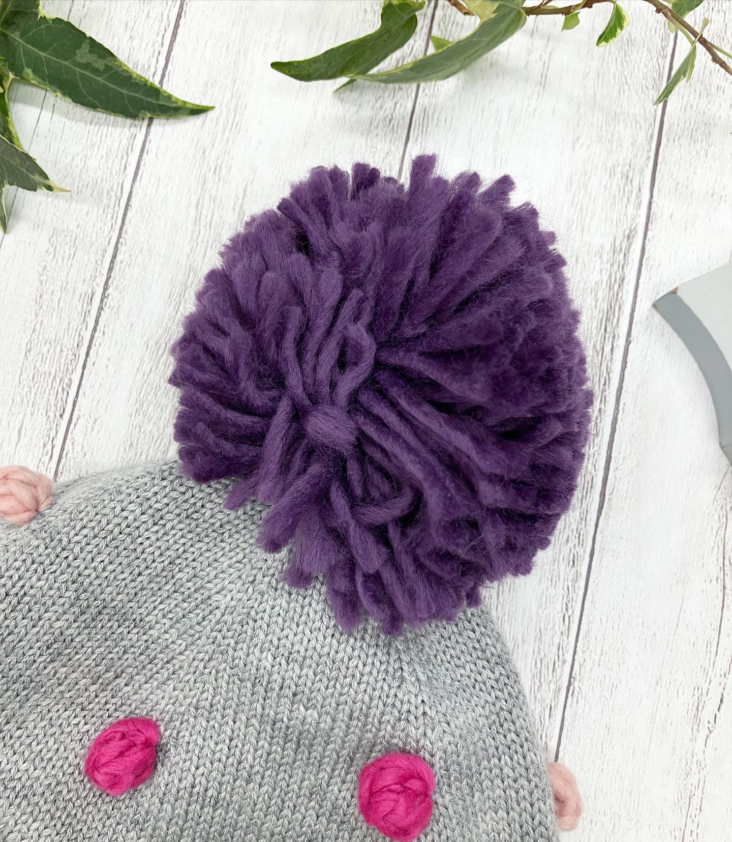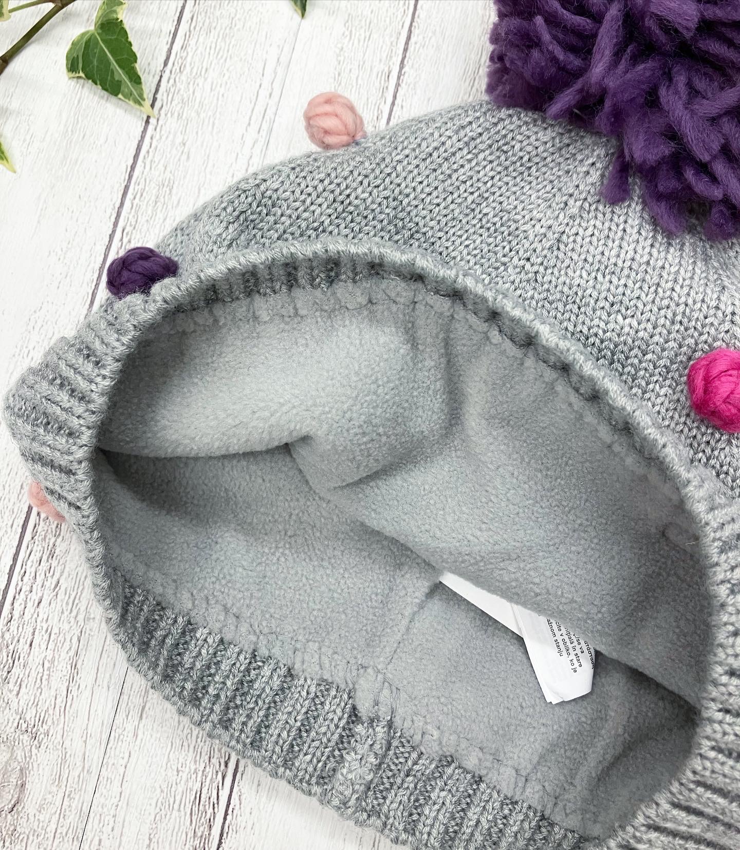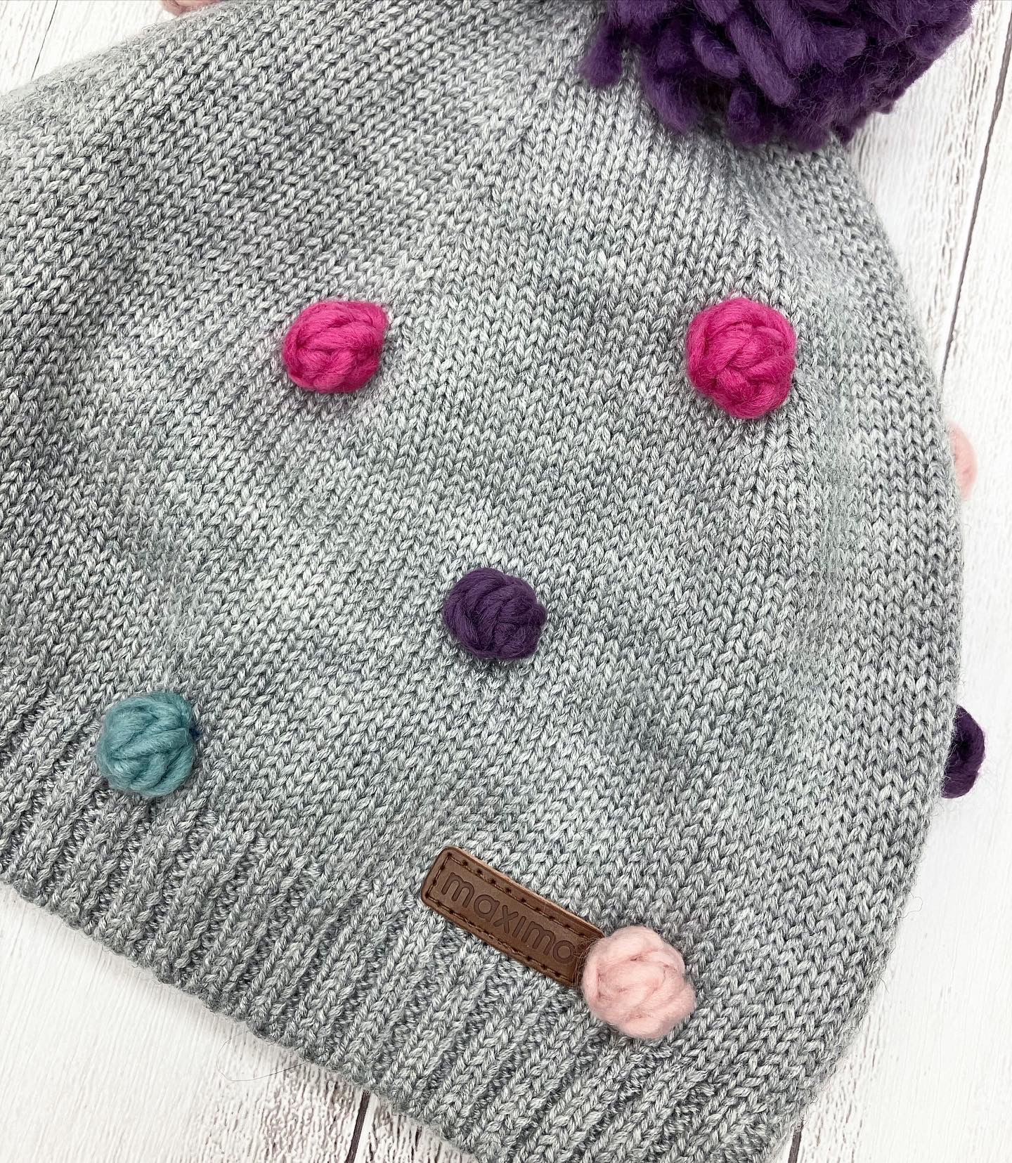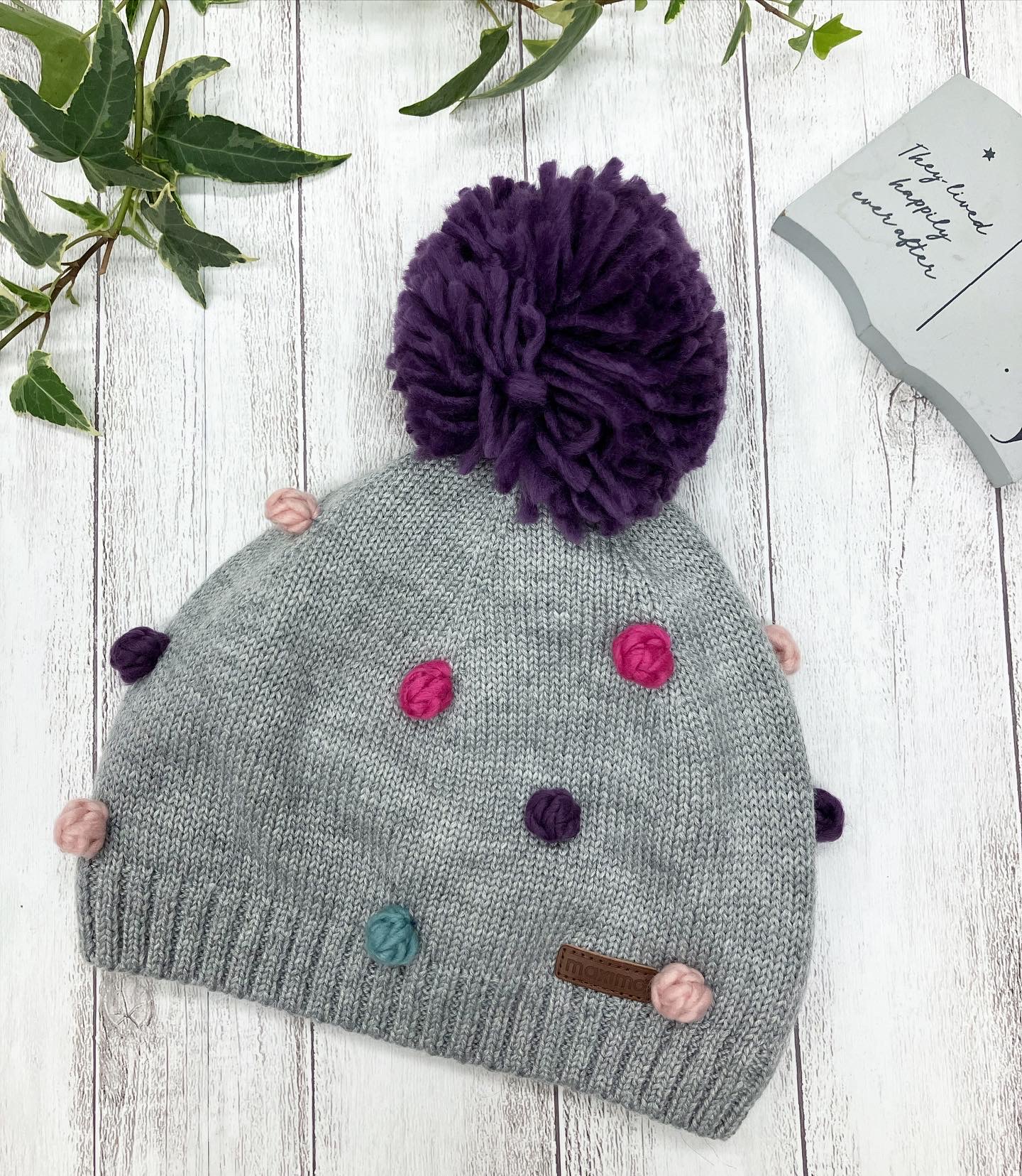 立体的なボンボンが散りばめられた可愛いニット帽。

--

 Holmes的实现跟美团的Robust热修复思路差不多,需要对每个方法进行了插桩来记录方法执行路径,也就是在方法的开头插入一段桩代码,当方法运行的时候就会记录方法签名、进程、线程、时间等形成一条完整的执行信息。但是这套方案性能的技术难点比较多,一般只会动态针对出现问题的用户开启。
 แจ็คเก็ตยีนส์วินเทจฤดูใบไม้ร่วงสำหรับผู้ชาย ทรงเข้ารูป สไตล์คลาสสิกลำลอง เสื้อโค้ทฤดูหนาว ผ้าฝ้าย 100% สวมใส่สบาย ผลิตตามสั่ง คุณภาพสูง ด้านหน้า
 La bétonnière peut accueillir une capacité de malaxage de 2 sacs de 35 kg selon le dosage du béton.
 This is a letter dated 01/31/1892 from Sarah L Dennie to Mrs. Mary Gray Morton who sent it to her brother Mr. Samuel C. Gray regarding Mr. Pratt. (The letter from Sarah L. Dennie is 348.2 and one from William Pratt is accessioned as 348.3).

• **TASK TO COMPLETE**: Your task for the entries above: copy exactly the span starting with the line with "La bétonnière peut" and going on through the line with "This is a letter", both lines included, and nothing else.

• **SOLUTION TO THIS TASK**:
 La bétonnière peut accueillir une capacité de malaxage de 2 sacs de 35 kg selon le dosage du béton.
 This is a letter dated 01/31/1892 from Sarah L Dennie to Mrs. Mary Gray Morton who sent it to her brother Mr. Samuel C. Gray regarding Mr. Pratt. (The letter from Sarah L. Dennie is 348.2 and one from William Pratt is accessioned as 348.3).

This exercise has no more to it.